- _What needs to be done_: Pictures aside, print all of the data below exactly as written.

- _Given information_:
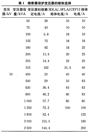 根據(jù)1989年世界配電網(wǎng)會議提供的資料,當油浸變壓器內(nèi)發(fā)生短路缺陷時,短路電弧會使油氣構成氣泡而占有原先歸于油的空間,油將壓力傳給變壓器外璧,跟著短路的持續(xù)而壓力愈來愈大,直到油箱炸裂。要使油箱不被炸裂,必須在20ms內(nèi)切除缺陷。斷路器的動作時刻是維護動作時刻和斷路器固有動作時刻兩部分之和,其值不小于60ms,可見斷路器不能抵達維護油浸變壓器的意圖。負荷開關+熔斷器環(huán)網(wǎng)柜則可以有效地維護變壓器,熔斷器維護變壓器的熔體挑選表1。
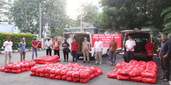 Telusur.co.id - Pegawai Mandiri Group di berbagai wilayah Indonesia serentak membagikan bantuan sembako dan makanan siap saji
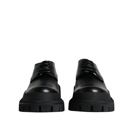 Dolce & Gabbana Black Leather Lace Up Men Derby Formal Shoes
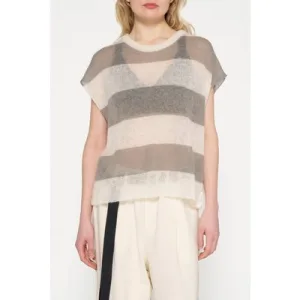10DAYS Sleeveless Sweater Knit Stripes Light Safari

- _Output for this exercise_:
 根據(jù)1989年世界配電網(wǎng)會議提供的資料,當油浸變壓器內(nèi)發(fā)生短路缺陷時,短路電弧會使油氣構成氣泡而占有原先歸于油的空間,油將壓力傳給變壓器外璧,跟著短路的持續(xù)而壓力愈來愈大,直到油箱炸裂。要使油箱不被炸裂,必須在20ms內(nèi)切除缺陷。斷路器的動作時刻是維護動作時刻和斷路器固有動作時刻兩部分之和,其值不小于60ms,可見斷路器不能抵達維護油浸變壓器的意圖。負荷開關+熔斷器環(huán)網(wǎng)柜則可以有效地維護變壓器,熔斷器維護變壓器的熔體挑選表1。
 Telusur.co.id - Pegawai Mandiri Group di berbagai wilayah Indonesia serentak membagikan bantuan sembako dan makanan siap saji
 Dolce & Gabbana Black Leather Lace Up Men Derby Formal Shoes
10DAYS Sleeveless Sweater Knit Stripes Light Safari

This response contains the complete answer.